As Hennie le Roux recalls, the Bok campaign could well have been derailed by that incident as there was a lot of fall-out following that game.

“We went off to the old Fish River Sun for a few days and there was much resentment about what had happened and it did impact on our psychology,” recalls the Bok inside centre, who played off the bench that night and admits that he was already frustrated by the Canadian cheap shots when he came onto the field shortly before the incident that dominated the headlines.

“We felt that the Canadians had provoked us and were allowed to get away with it. We felt that James wasn’t really properly defended, that not enough of an effort was made to clear him. It was a different era then, it was before rugby became professional, and James was persuaded not to take a lawyer to the hearing as rugby people should sort the issue out.

“Unfortunately that attitude and approach did not work for James, and obviously it was a terrible thing for him to be sent off and out of the tournament. He never got a chance to play in the later games and I know it had a big effect on him. At that time our tournament could have gone either way. We felt let down, we felt that we weren’t being protected and it had a negative impact on our morale. It took good leadership to get us back on track.”

DALTON’S BONE OF CONTENTION

Dalton backs up Le Roux’s perception that he wasn’t properly defended.

“I had a big bone of contention after the hearing that cost me my place at the World Cup,” says Dalton.

“I felt that the team manager, Morne du Plessis, was only concerned about rugby’s image rather than with my welfare. Doc Luyt (Louis Luyt, the Sarfu president at the time) wanted to get me a lawyer and fight the case full-on. Morne argued against that, he said no, we must go and ‘represent ourselves as rugby men’. Luyt thought that was crazy, and looking back now so do I.

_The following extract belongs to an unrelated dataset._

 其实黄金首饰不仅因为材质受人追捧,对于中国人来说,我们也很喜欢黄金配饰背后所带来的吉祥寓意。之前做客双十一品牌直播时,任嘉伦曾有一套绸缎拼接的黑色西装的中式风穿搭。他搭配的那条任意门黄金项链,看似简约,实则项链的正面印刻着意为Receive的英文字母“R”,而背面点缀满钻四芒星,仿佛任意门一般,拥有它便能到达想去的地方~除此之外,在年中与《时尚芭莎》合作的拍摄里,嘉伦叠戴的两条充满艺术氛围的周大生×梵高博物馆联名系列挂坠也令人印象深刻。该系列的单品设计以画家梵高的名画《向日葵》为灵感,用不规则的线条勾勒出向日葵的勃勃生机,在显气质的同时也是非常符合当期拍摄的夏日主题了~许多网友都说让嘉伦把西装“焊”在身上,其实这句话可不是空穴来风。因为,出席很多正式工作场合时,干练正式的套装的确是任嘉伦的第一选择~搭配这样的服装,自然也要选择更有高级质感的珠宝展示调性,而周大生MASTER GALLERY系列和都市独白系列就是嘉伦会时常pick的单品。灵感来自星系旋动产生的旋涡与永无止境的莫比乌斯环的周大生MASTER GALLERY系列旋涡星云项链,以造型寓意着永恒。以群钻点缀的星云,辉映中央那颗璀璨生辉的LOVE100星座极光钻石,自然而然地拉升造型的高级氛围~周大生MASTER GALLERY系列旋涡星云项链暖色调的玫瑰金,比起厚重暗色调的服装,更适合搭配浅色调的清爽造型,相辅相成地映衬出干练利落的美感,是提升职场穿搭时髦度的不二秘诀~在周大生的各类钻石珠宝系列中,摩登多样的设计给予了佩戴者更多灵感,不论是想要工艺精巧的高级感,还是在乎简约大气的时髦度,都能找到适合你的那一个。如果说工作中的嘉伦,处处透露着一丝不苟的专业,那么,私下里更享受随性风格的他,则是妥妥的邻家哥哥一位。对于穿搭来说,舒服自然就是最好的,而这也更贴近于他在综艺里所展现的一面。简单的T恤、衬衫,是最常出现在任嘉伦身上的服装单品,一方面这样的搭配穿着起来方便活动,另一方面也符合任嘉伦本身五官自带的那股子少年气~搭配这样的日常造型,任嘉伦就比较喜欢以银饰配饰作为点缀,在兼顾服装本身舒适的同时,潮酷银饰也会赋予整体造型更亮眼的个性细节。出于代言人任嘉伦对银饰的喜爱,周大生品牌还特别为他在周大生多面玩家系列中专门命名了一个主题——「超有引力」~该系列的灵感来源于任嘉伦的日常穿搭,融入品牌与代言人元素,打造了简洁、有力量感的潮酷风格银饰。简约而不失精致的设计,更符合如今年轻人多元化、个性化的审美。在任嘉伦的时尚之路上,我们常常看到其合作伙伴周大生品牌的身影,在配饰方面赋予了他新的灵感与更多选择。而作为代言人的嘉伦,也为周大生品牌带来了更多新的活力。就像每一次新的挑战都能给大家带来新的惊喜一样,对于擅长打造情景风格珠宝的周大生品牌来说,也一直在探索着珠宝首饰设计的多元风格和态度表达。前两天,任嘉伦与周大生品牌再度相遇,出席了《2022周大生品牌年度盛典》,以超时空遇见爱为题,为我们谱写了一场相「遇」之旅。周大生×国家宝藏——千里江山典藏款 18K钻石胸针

“I was 22 years old, my eyes were as big as saucers. I didn’t know what to do. I just wanted to do what was right for the team. As Morne was the manager, I was inclined to go with his way. Only it turned out I was a lamb being led to the slaughter. Two Frenchmen were running the hearing and they couldn’t speak a word of English. Even the referee didn’t seem too sure why I was sent off.”

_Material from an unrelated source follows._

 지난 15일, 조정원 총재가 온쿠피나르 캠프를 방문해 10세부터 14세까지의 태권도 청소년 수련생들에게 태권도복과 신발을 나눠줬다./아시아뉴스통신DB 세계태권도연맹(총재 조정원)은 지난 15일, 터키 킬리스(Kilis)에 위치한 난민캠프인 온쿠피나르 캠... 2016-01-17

Even skipper Francois Pienaar was said to go walkabout in the days that followed that Boet Erasmus blow-up, with his anger understandably boiling over. Apparently it was a conversation with coach Kitch Christie in the bar of the team hotel in Port Elizabeth, after Pienaar had returned later than he should have from the Fish River Sun, which is near Port Alfred, that got the Bok campaign back on track.

CANADIAN REGRET

Stewart says that looking back at the incident with the benefit of hindsight and the maturity that has come with the 25 years that have passed since then, the Canadians regret what happened. He is still part of a WhatsApp group with his old teammates, and has no doubt that if they had their time over again, they would have behaved differently.

“There is no doubt in my mind that the Canadians do regret what happened in that game. Perhaps you need to look at it in the context of the Bok reputation, which was all about their toughness and their physicality. I think when we went into the game there was a lot of focus from the Canadian viewpoint of matching the South Africans physicality, and perhaps there was over compensation.

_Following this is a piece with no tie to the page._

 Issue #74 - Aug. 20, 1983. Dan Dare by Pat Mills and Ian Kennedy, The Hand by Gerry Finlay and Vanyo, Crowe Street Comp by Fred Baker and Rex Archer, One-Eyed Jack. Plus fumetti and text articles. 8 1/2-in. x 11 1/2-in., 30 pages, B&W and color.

“The Boks were on a hiding to nothing. We had nothing to lose. We were going home after that game regardless of what happened, so we could go for broke. The Boks by contrast had a quarterfinal to look forward to, they couldn’t afford to get injured and they couldn’t afford to have players sent off.”

Stewart was the ball carrier in the move that led to the incident on the far right touchline, but he did not get involved in the fight that followed.

“The game was effectively over as a contest, the Boks had won, there had been a lot of niggle in the game but I can’t say there was intent from our side for something like that to happen,” says Stewart.

“When the fighting happened I actually went over to one of the Bok players, Brendan Venter, and had a chat with him. We spoke about what we were going to do after the World Cup.”